I've cheated on girlfriends in the past, but never in my marriage... so to that extent I guess I am proof that a "cheater" can change. BUT that was when I was early 20's (long time ago) and I am also with a different woman... a woman I chose to spend my life with and I also treasure my fidelity within our marriage (possibly because I had cheated in the past).

I would urge you to go to some counselling, with your husband, and see what happens. But don't delay.


----------



## addie (Apr 19, 2010)

BuddyL33 said:


> That statement couldn't be further from the truth. People make mistakes in life, including cheating. I am not condoning the behavior by any means and completely understand its deplorably. Not to mention the far reaching effects it has on a relationship.
> 
> With that said, if someone wants to change, they can.
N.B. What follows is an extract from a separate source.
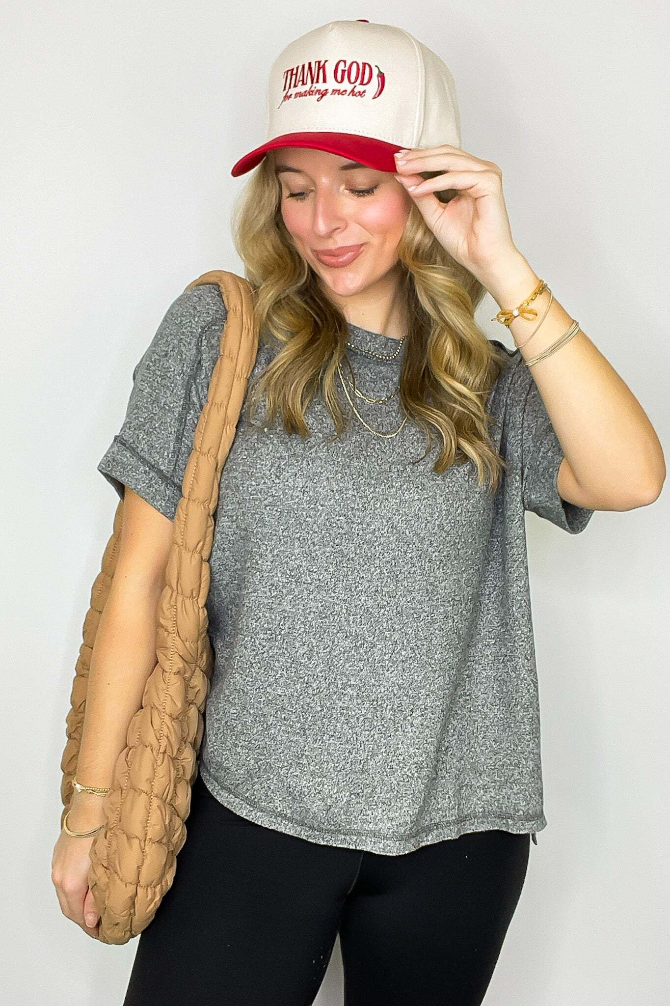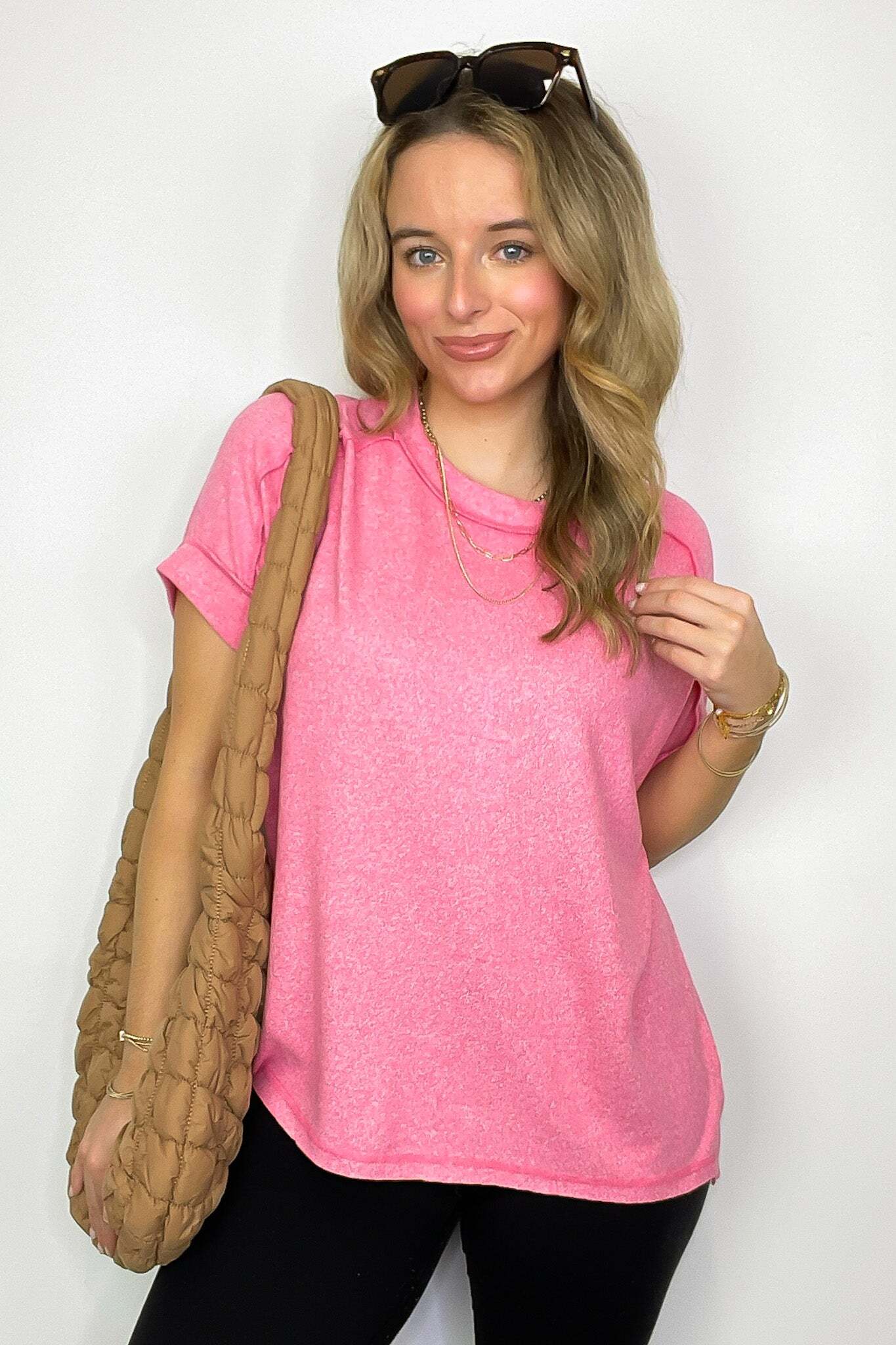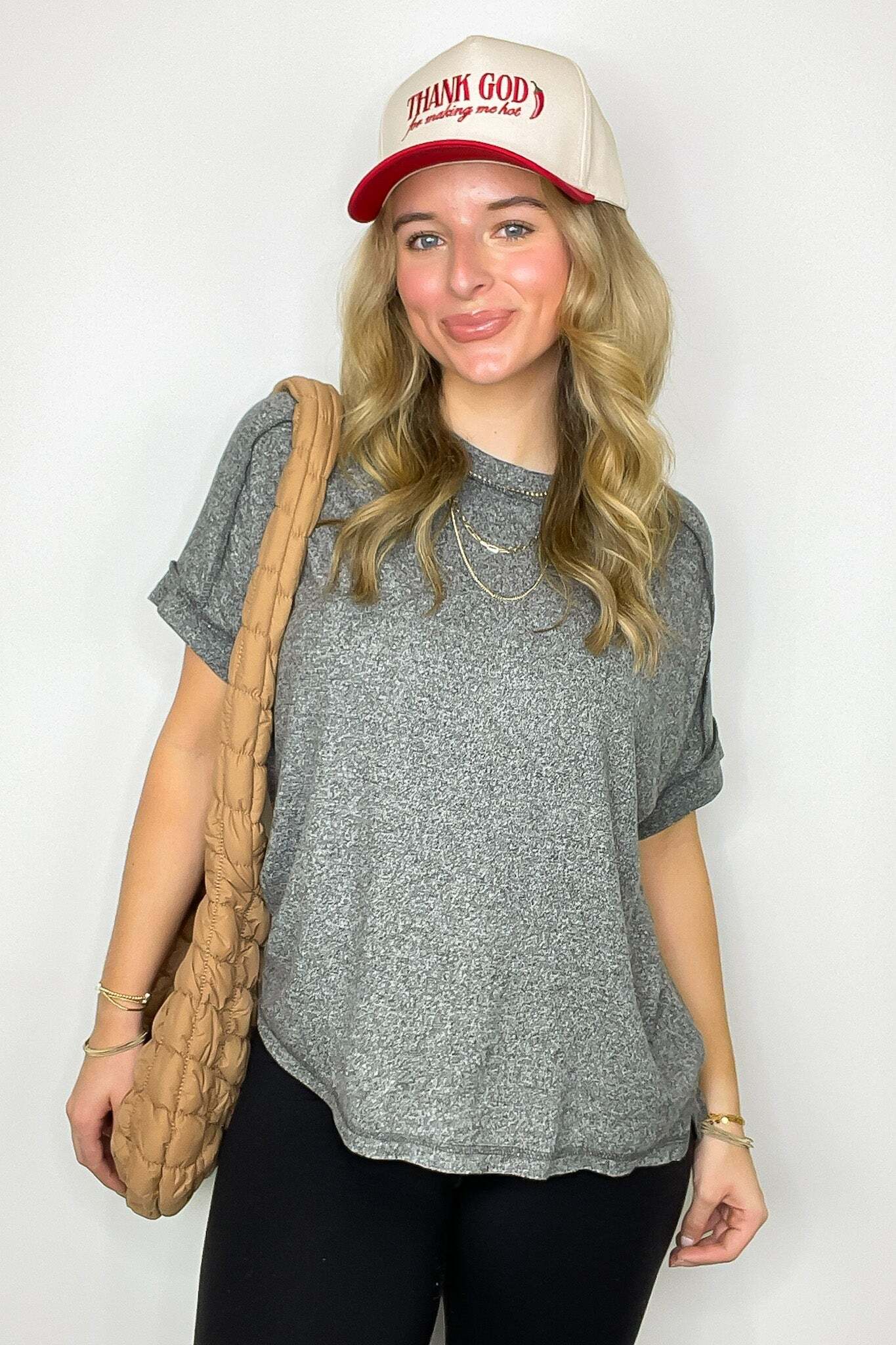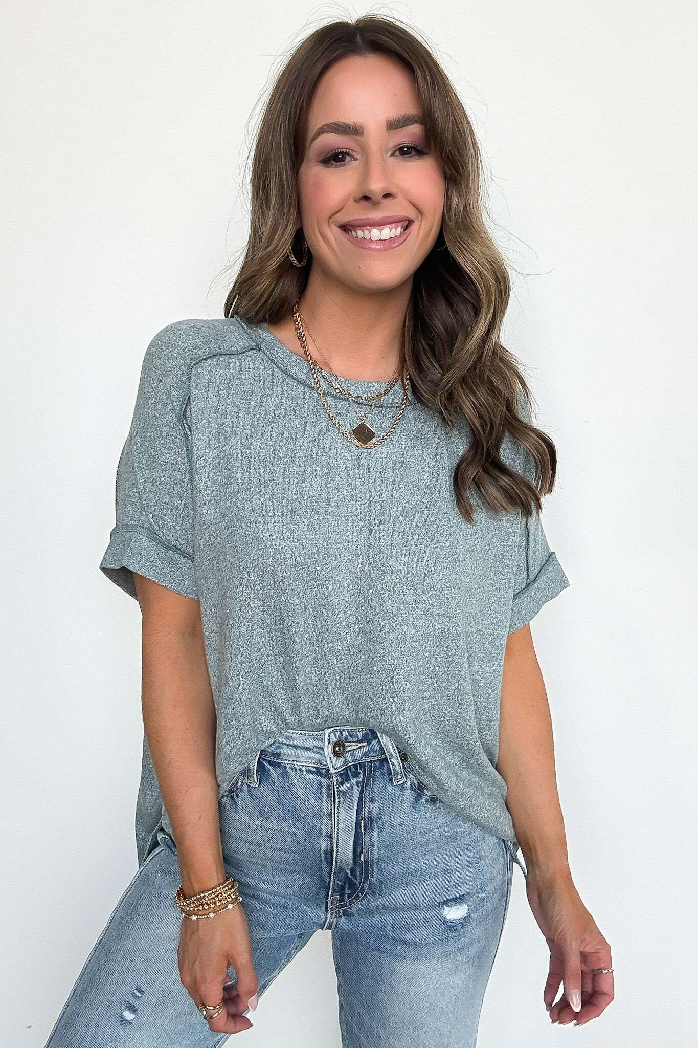 Details: Upgrade your basic tee with our Melange High Low Tee. Made from soft hacci fabric, this tee features folded sleeves and a trendy hi-low hem with side slits. Exposed seams add an edgy touch. Perfect for adding flair to any casual outfit!

i know i am amess but if he did have sex with her and only claims to have kissed her do you think he has even admitted it to himself. at one point in time i told him i could never be witha cheater. but when i said that i told himthat included everything right down to kissing. obviously circumstances change bc i am still with him. do you think he is affraid to tell me whole truth. i would rather know whole truth now than to find it out later on. it takes alot of work to forgive a person who cheated and i am not sure i can do it twice for the same situation. lies are worse than cheating in my book.


----------



## sisters359 (Apr 9, 2009)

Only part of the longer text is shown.